It’s 3am in central Riga, and a man has just punched a woman in the face. The man, who looks like he’s in his 50s, is being dragged through the bar by a bouncer. The woman and her friends follow, screaming in Russian.

I ask the woman what happened. She glares. It turns out he tried to hit on her, and when she told him to fuck off, he punched her. She’s 23.

“I will fucking kill him,” she spits. “I will kill anyone in my way.” She looks at me: “If you are in my way, I will kill you.”

I tell her I won’t get in her way.

The woman is from Riga, but talks in Russian. “Because I am Russian,” she explains. “If someone in Latvia says they don’t have Russian heritage, they are fucking lying.”

A sweaty American man, glazy-eyed and middle-aged, appears from behind me and tells her he loves her face.

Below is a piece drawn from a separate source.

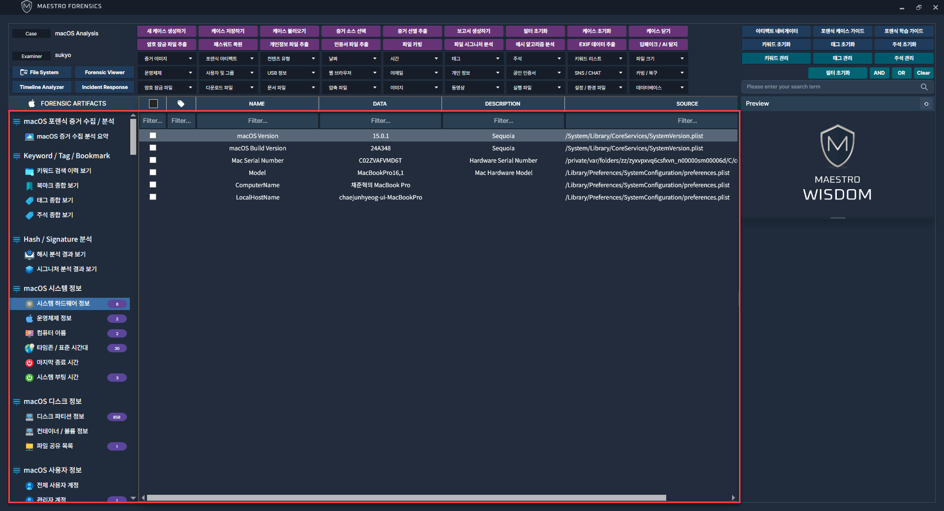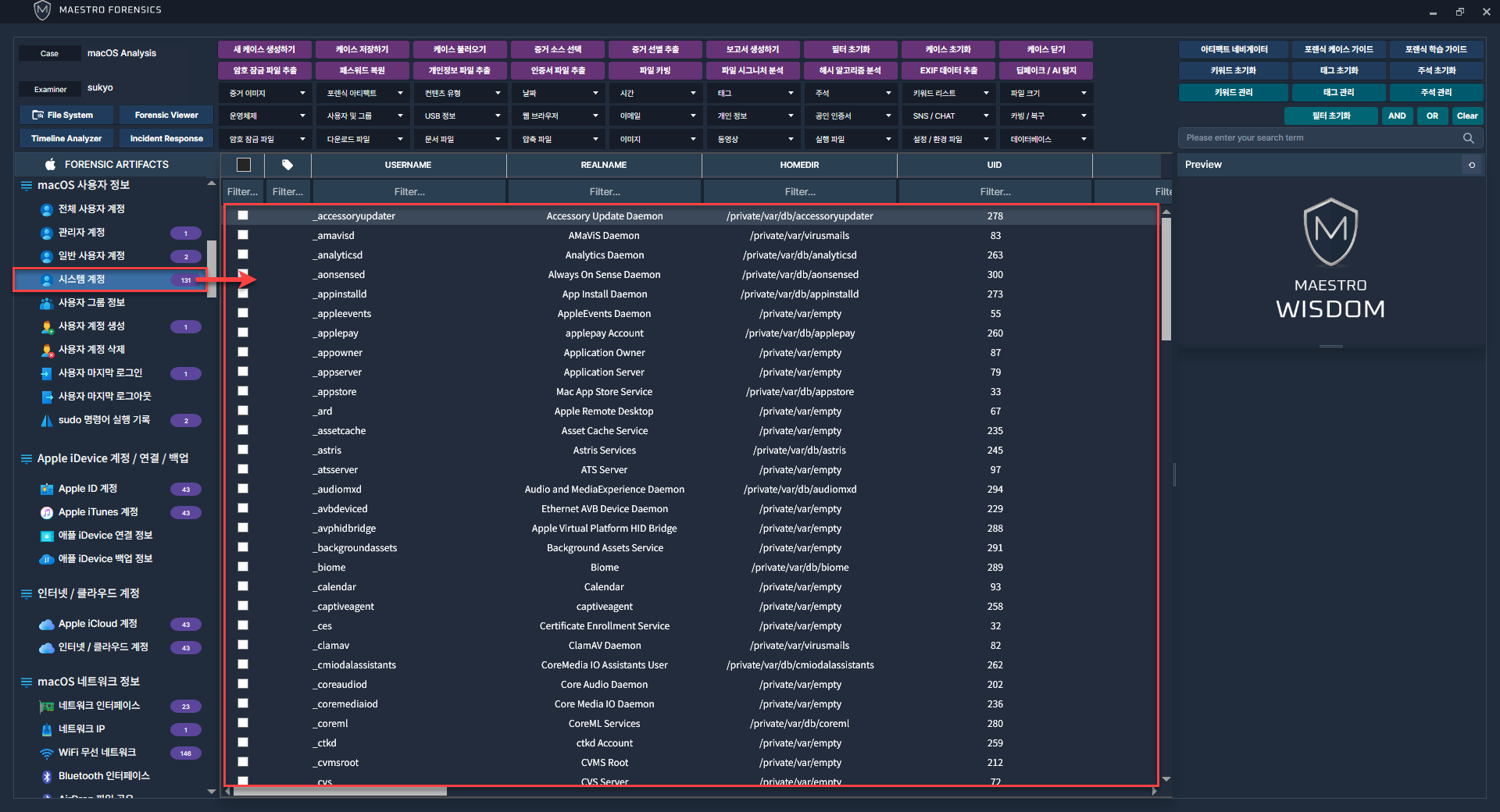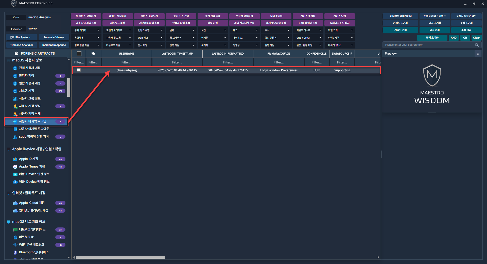 MAESTRO WiSDOM macOS에서 사용자 계정과 관련된 아티팩트를 선택 후 프로세스를 진행합니다.
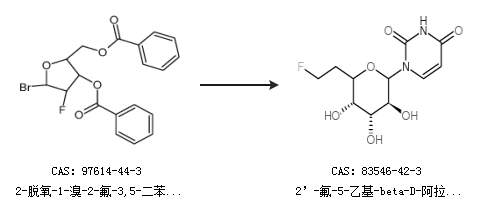 2.通过5-乙基尿嘧啶合成2’-氟-5-乙基-beta-D-阿拉伯呋喃基尿嘧啶

I take my cue and walk back to the hotel, streaked in beer and blood.

***

I’ve come to Riga to play in a chess tournament. There’s something electric about sitting at a board in a former Soviet city, where the old Union’s greatest intellectual weapon still carries some of its old charge.

It was never just a game. Chess was the state religion of the USSR, and reputations were built and broken over the board. Factories held tournaments. Newspapers ran daily puzzles. Entire institutions existed for the study of chess. In the early Soviet clubs, proletarian archetypes squared off like boxers.